Increased sensitivity of neonate atrial myocytes to adenosine A1 receptor stimulation in regulation of the L-type Ca2+ current

Abstract

Adenosine has cardioprotective effects against ischemia, and newborn hearts show high resistance to ischemia. The effects of purinoceptor stimulation by adenosine and ATP on the L-type Ca²⁺ current (I_Ca) were examined in atrial cells from neonate and adult rabbits. I_Ca was measured by the membrane-perforated patch method. Adenosine inhibited the isoproterenol-stimulated I_Ca more potently in neonate cells than in adult cells. The high sensitivity of neonate myocytes to adenosine was accompanied not only by an increased maximum response but also by a lower IC₅₀ concentration. ATP also inhibited isoproterenol-stimulated I_Ca. The effect of ATP on neonate cells was stronger than that on adult cells at high concentrations (≥100 μM). The effect of adenosine was antagonized by an A₁ adenosine receptor antagonist, 1,3-dipropyl-8-cyclopentylxanthine (DPCPX).
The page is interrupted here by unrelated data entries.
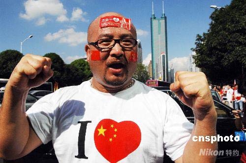图为深圳民众激情迎奥运。 中新社发 陈文 摄
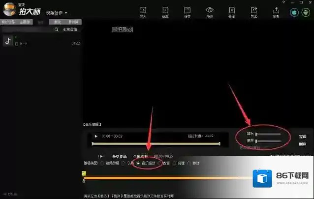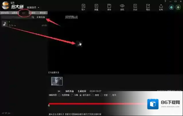 4、同样的我们在拍大师的“音乐”栏中导入一个音乐,同时也将该音乐拖动到右边,如下图所示:
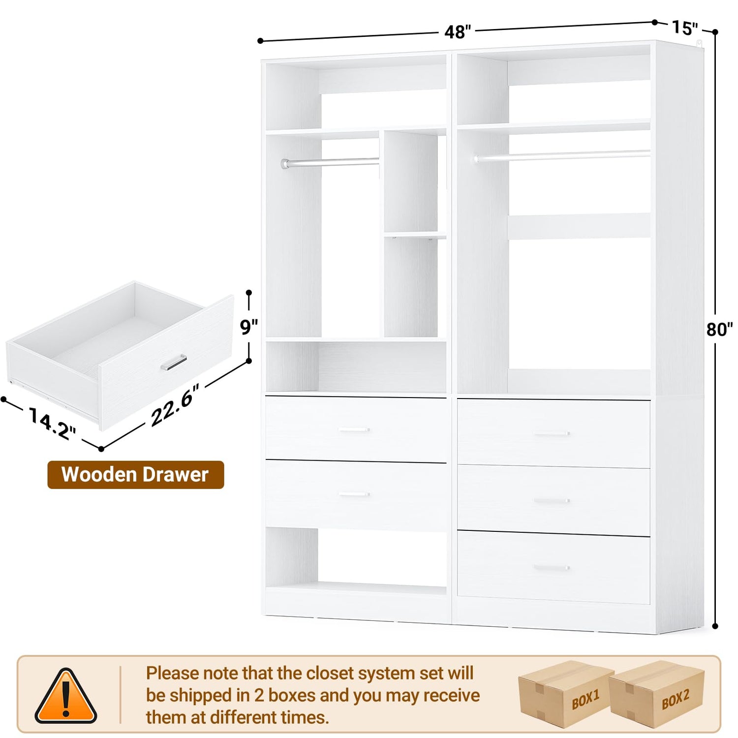 - Closet Organizer System Set of 2 - Closet systems have a total of 5 large wooden drawers + 2 top storage areas + 2 hanging areas. The perfect combination of drawers and shelves makes it easy to organize your stylish closet. Hold up to 300+ pieces of clothing or small items. Measures 48” Lx15” Wx80” H. Not only can be divided into 2 separate 24" closets, but the size is flexible enough to be purchased according to your space.
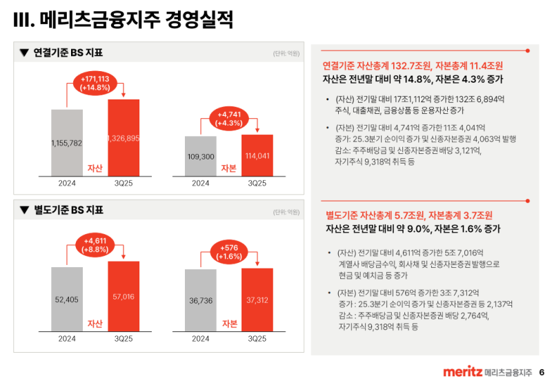 • 지주의 25년 3분기 연결 자산은 운용자산 증가로 전년말 대비 14.8 % 증가한 132.7조원 기록
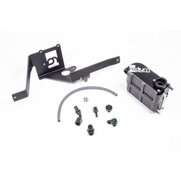 Because of continuous and intense heat cycling, plastic coolant tanks have a reputation of failing over time. Fortunately, the rugged 2-piece Radium Engineering replacement is CNC machined from aluminum and anodized for increased longevity. And because aluminum is a superior thermal conductor material, heat transfer is further improved. Additionally, the metal construction is robust enough to use in racing applications.
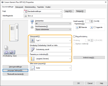 3 | Sjekk utskriftsforhåndsvisningen og still inn [Sideoppsett] [Siderekkefølge] [1-sidig/2-sidig/Utskrift av hefte] [Plassering av innbinding]. |
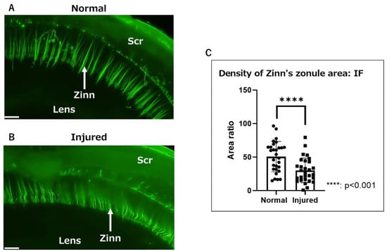 Macroscopic observation of Zinn’s zonule in gel-embedded specimens. (A,B) Fluorescence images (magnified 40×) of Zinn’s zonule in a rat eye. Zinn’s zonule was stained with anti-MAGP1 (green). (A) Zinn’s zonule was clearly visible in the normal group in a three-dimensional view. (B) The background staining was stronger and Zinn’s zonule was deflected in the injured group. (C) The MAGP1-positive area was measured for 6–8 microscopic fields per specimen. The ratio of Zinn’s zonule area over the area between the lens and scleral wall was calculated to normalize the individual differences among specimens. There was a significant decrease in the fluorescence-positive area in the injured group. Four rat specimens were imaged for the normal and injured groups and the entire Zinn’s zonule was analyzed, for both groups. Zinn: Zinn’s zonule, Scr: sclera, IF: immunofluorescence. Scale bar: 200 μm.
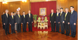 图:1.潮馆主席蔡汉强,副主席梁润潮,张朝江,陈绍扬,朱春隆,刘振禀,廖汉明暨首长张仲威,张汉辉,徐光辉,郑岳龙,薛建荣晋宫签名祝寿。2.潮馆副主席陈绍扬,朱春隆,刘振禀,廖汉明及首长萧鸿洽,徐光辉,郑岳龙,薛建荣签名祝寿。3.蔡汉强主席偕副主席梁润潮,张朝江,陈绍扬,廖汉明暨首长张仲威,张汉辉,萧鸿洽,徐光辉,郑岳龙在泰皇上陛下御像前合影。4.蔡汉强主席与名誉主席刘锦庭,副主席梁润潮,朱春隆,刘振禀,廖汉明及首长张汉辉,薛建荣,章德辉,刘树光等晋宫签名祝寿时合影。5.蔡汉强主席与副主席梁润潮,张朝江,陈绍扬,朱春隆,刘振禀,廖汉明及首长张仲威,张汉辉,萧鸿洽,徐光辉,郑岳龙,薛建荣,马灿伟等合影。6.潮馆副主席陈绍扬,陈振治,刘振禀,陈万平及首长张仲威,萧鸿洽,徐光辉,郑惠中,王济达,张源晋合影。

DPCPX or an ecto-5′-nucleosidase inhibitor (α,β-methylene-ADP) blocked most (∼60%) of the effect of ATP (30 μM), and co-addition of DPCPX and suramin (P₂ receptor blocker) abolished the effect of ATP. Suramin alone did not reduce the effect of ATP significantly in neonate cells. Both the effects of adenosine and ATP were eliminated by pre-treatment with pertussis toxin or by superfusion with forskolin plus 3-isobutyl-1-methylxanthine (IBMX). Inhibitors of the nitric oxide-cyclic GMP pathway did not affect the adenosine inhibition of I_Ca. In summary, neonatal myocardial cells are highly sensitive to adenosine A₁ receptor stimulation. ATP stimulates both the adenosine A₁ and P₂ receptors. Adenosine A₁ receptor stimulation, as a result of hydrolysis of ATP, predominantly mediates the effect of ATP, and the role of P₂ receptors in the ATP inhibition of I_Ca is relatively small in neonate cells. The high sensitivity to adenosine may contribute to the ischemic tolerance of newborn hearts.